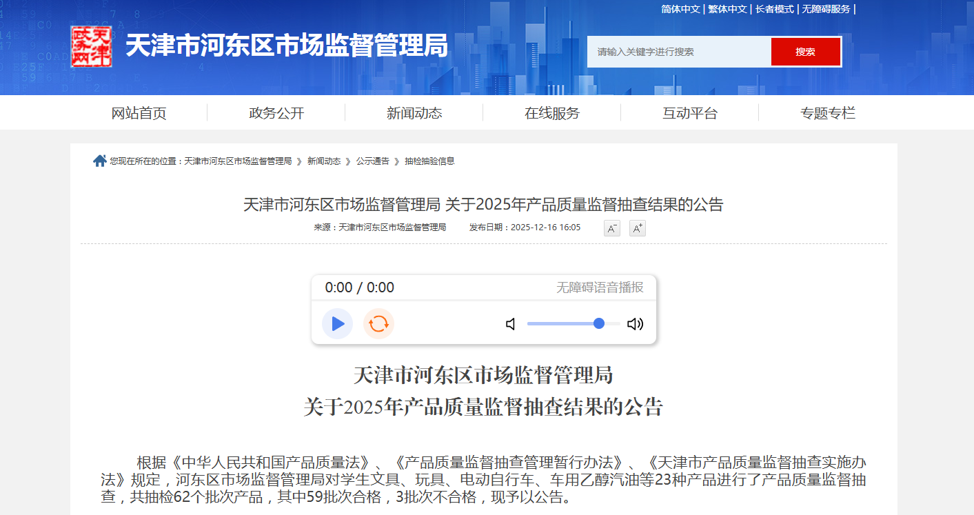 中国质量新闻网讯 近日,天津市河东区市场监督管理局网站发布2025年产品质量监督抽查结果。
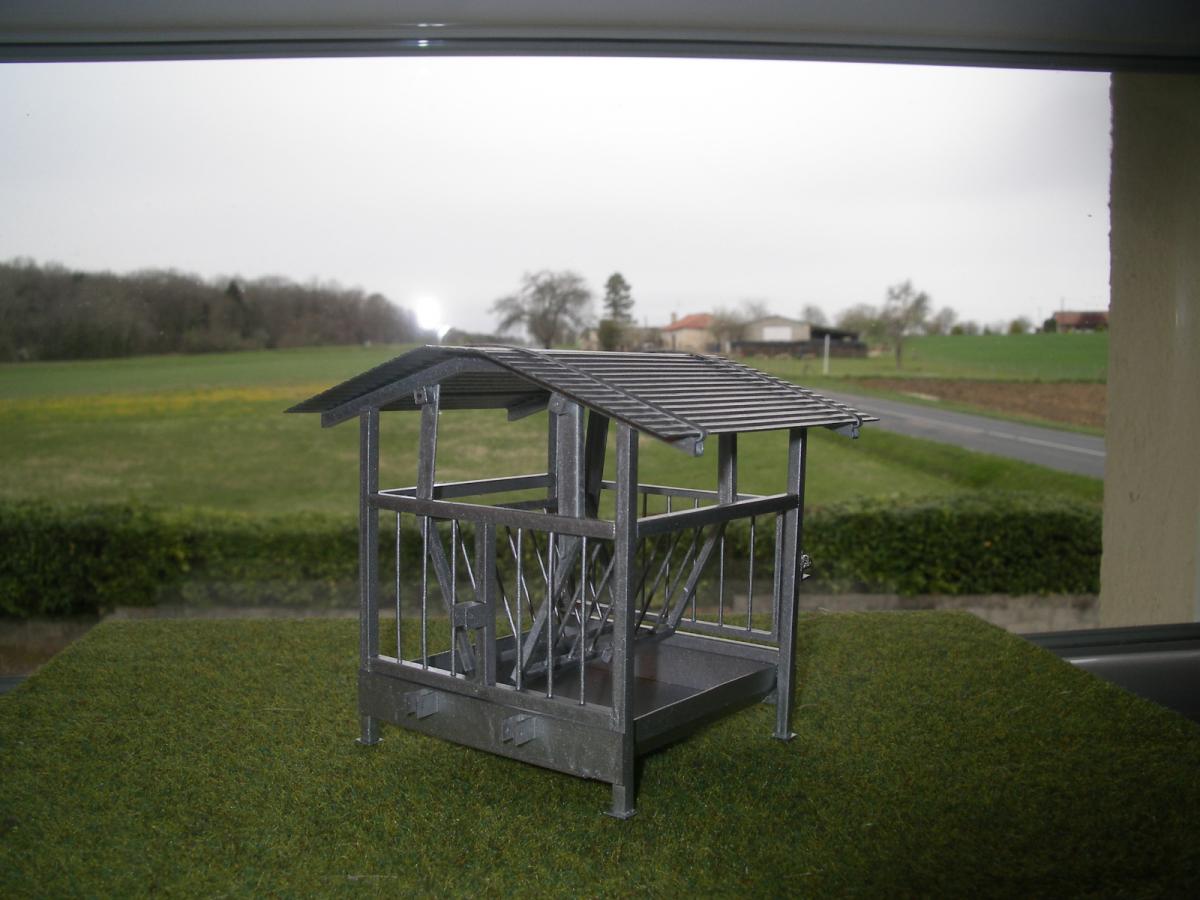 râtelier a bovins a grilles mobiles,auge et toit en métal le reste en plastique. attelage 3 points,possible de mètre un adaptateur pour autre tracteur (non fourni dans la vente). peint couleur galva . pour voir mais autres articles tapez sur mon pseudo
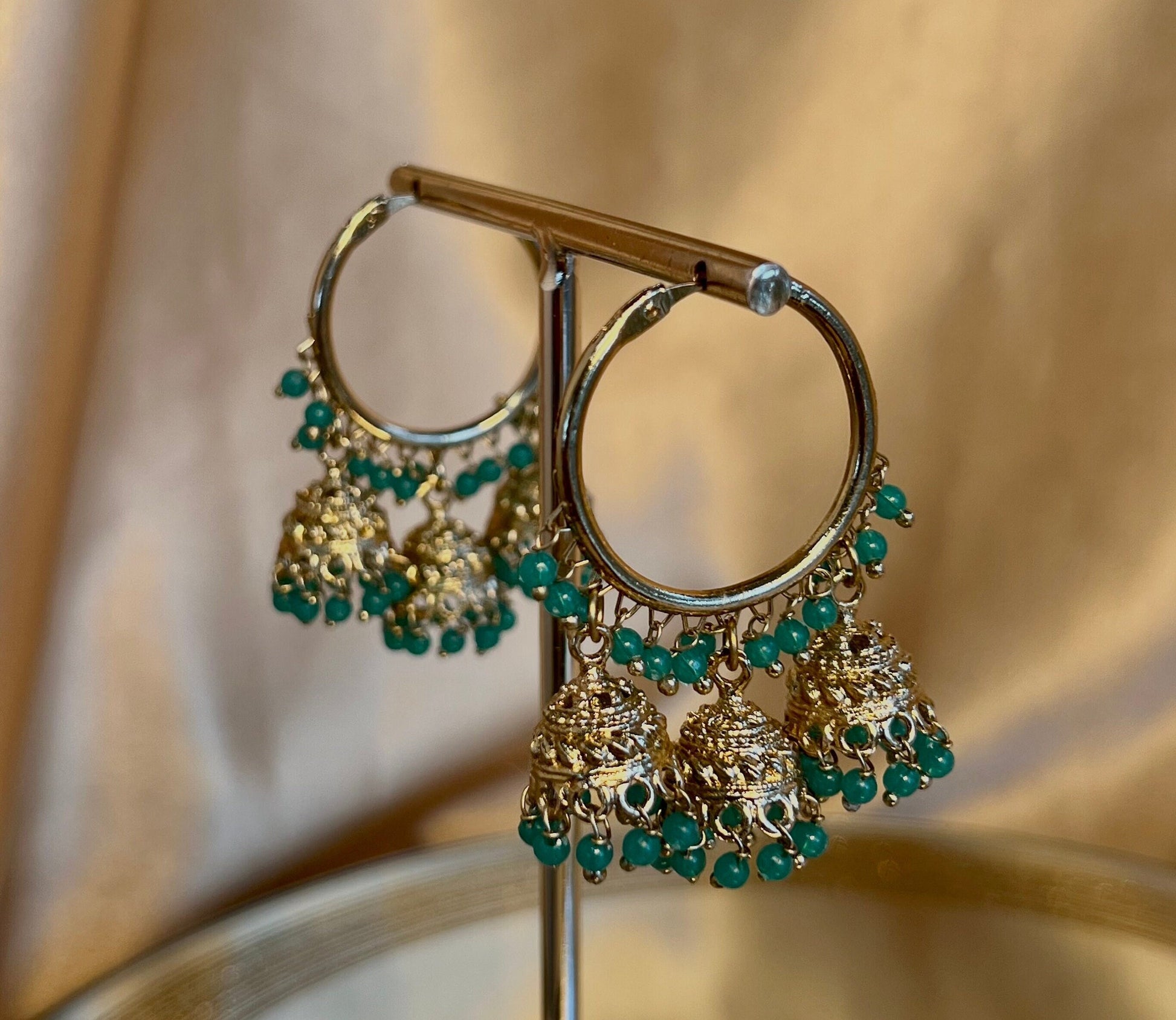 Green Antique Gold Medium Jhumki - Hoops Indian Style Earrings/Gifts for Women
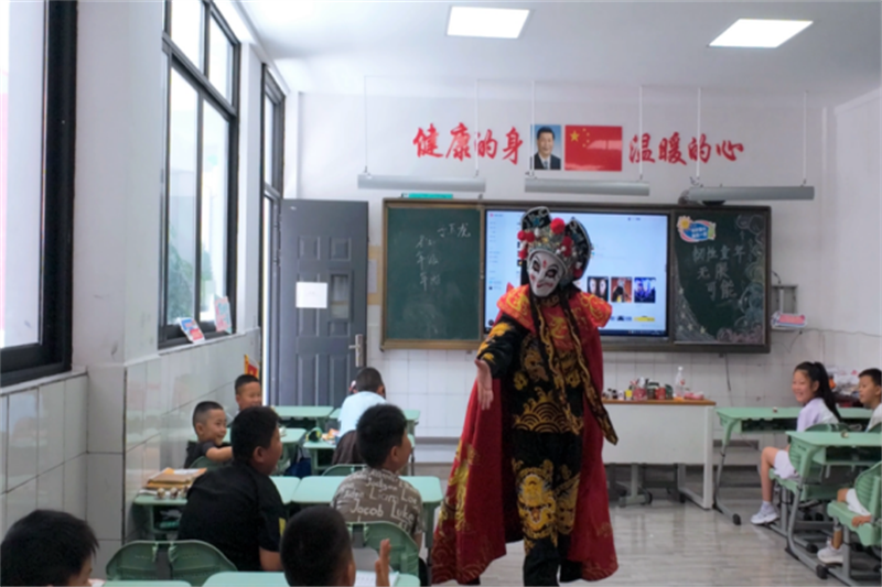 李玉龙同学在冷碛小学带来首堂别开生面的川剧变脸课。他不仅现场演绎变脸绝技——一抹、一揉、一转身间,脸谱变幻莫测,引得孩子们阵阵惊呼;更生动讲述了川剧变脸的百年发展:从古代民间艺术雏形,到融入川剧的独特技艺,再到成为国家级非遗的传承之路。“原来一张脸能藏这么多故事!”孩子们在互动中感受非遗魅力,纷纷表示要做传统文化的“小传承人”。古老技艺走进少年心田,为非遗传承注入青春活力。
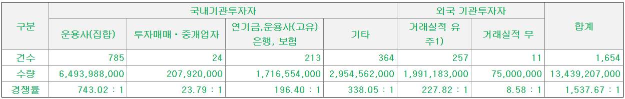 샘씨엔에스 기관 수요예측 결과 최종 경쟁률 1537.67을 기록하였다. 최근 공모주들에 비해 확실히 이견이 없는 높은 경쟁률이다.
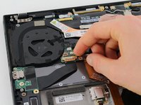 Remove the 3 mm Phillips #0 screw located near the fan.
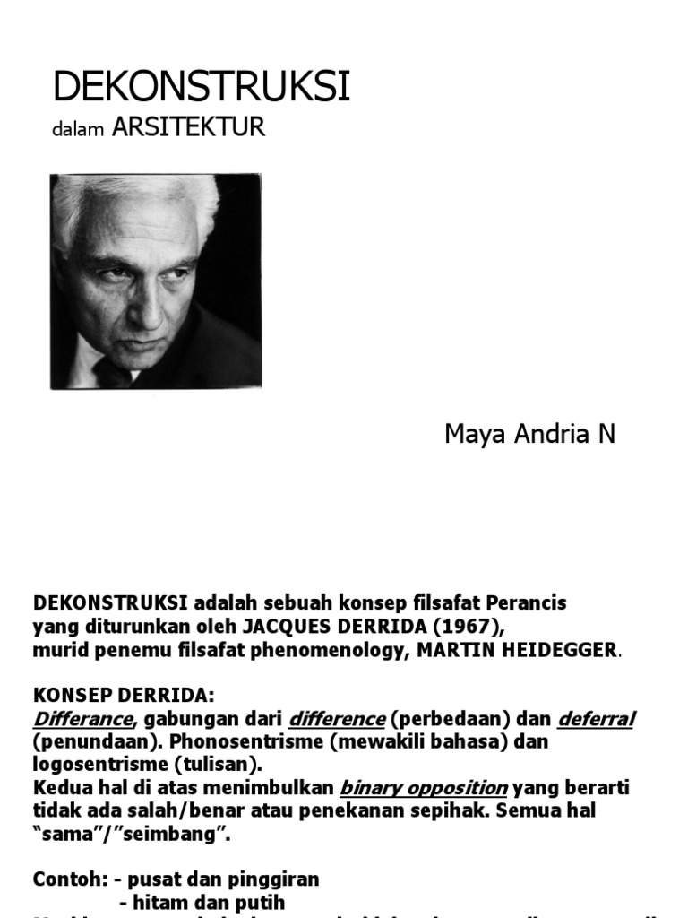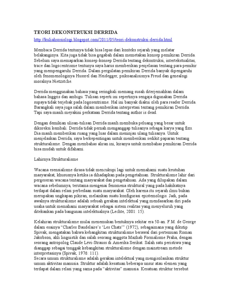 PDF) Jacques Derrida (1930): Biografi, Dekontruksi dan …
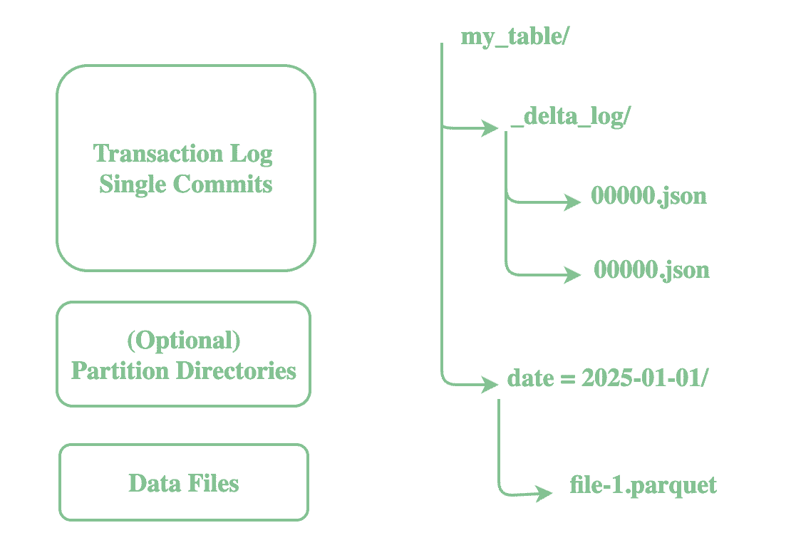 Parquet stores the actual data records, organized into partitions and often optimized for common query patterns. Moreover, these files remain compatible with any engine that can read Parquet, even without leveraging Delta Lake’s advanced features.
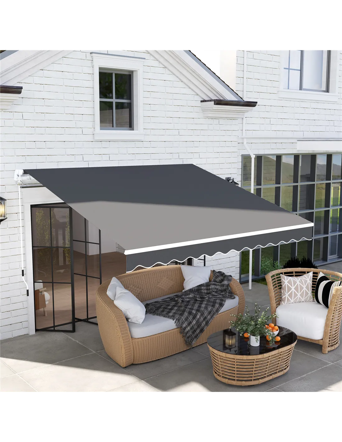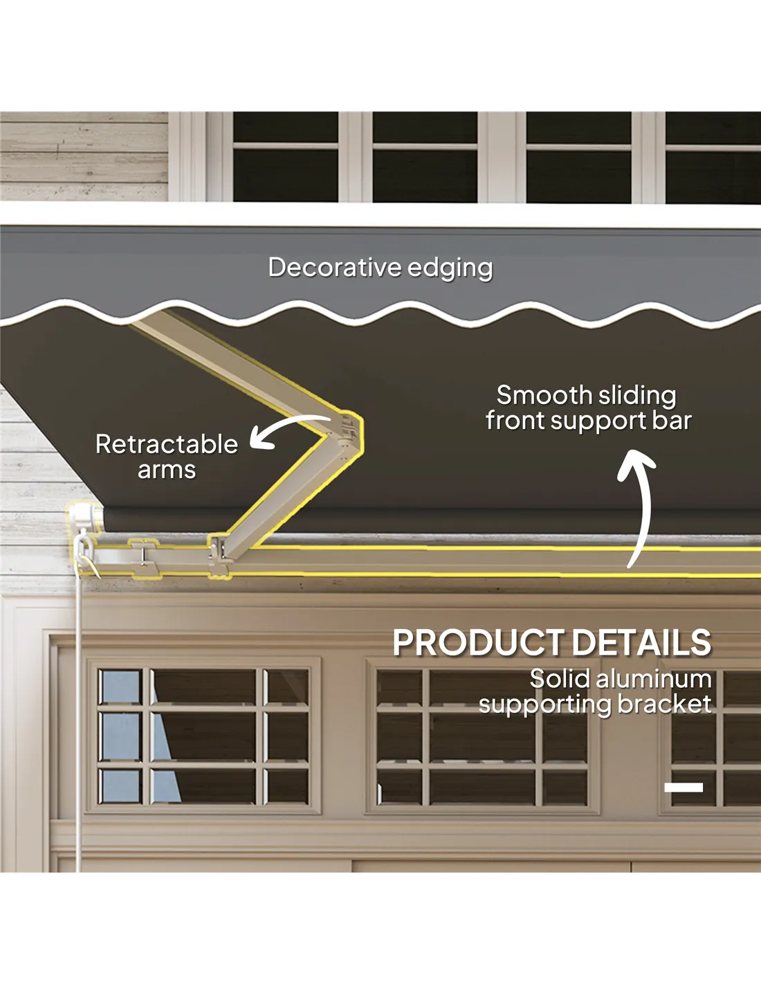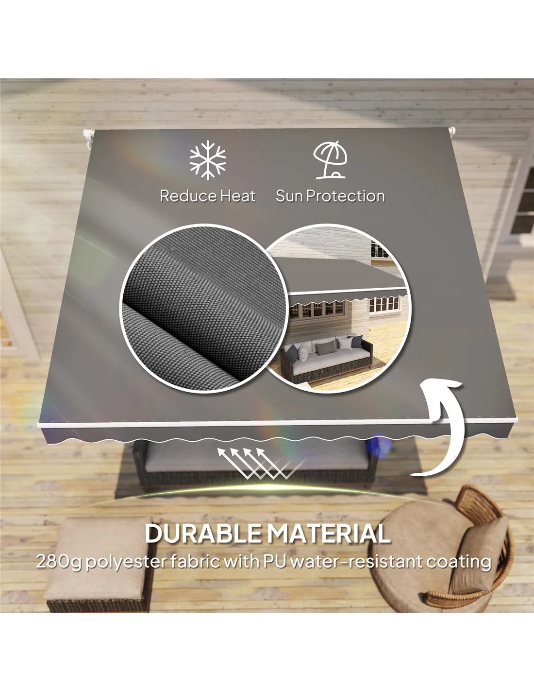 Outsunny 3 x 2.5m Garden Patio Manual Awning, Retractable Canopy Sun Shade Shelter with Fittings and Crank Handle, Dark Grey
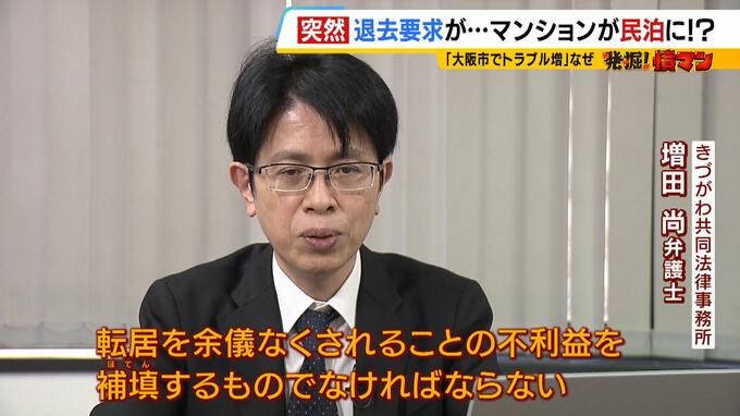 (増田尚弁護士)「引っ越し代であったり、転居先を確保するときの初期費用ですね。敷金であったり、火災保険料とか仲介手数料とか。転居を余儀なくされることの不利益を補填するものでなければならない」

Instructions to follow: Give back exactly the lines from the top of the records to the line containing "râtelier a bovins", both included, and no pictures.

Completed exercise:
 中国质量新闻网讯 近日,天津市河东区市场监督管理局网站发布2025年产品质量监督抽查结果。
 râtelier a bovins a grilles mobiles,auge et toit en métal le reste en plastique. attelage 3 points,possible de mètre un adaptateur pour autre tracteur (non fourni dans la vente). peint couleur galva . pour voir mais autres articles tapez sur mon pseudo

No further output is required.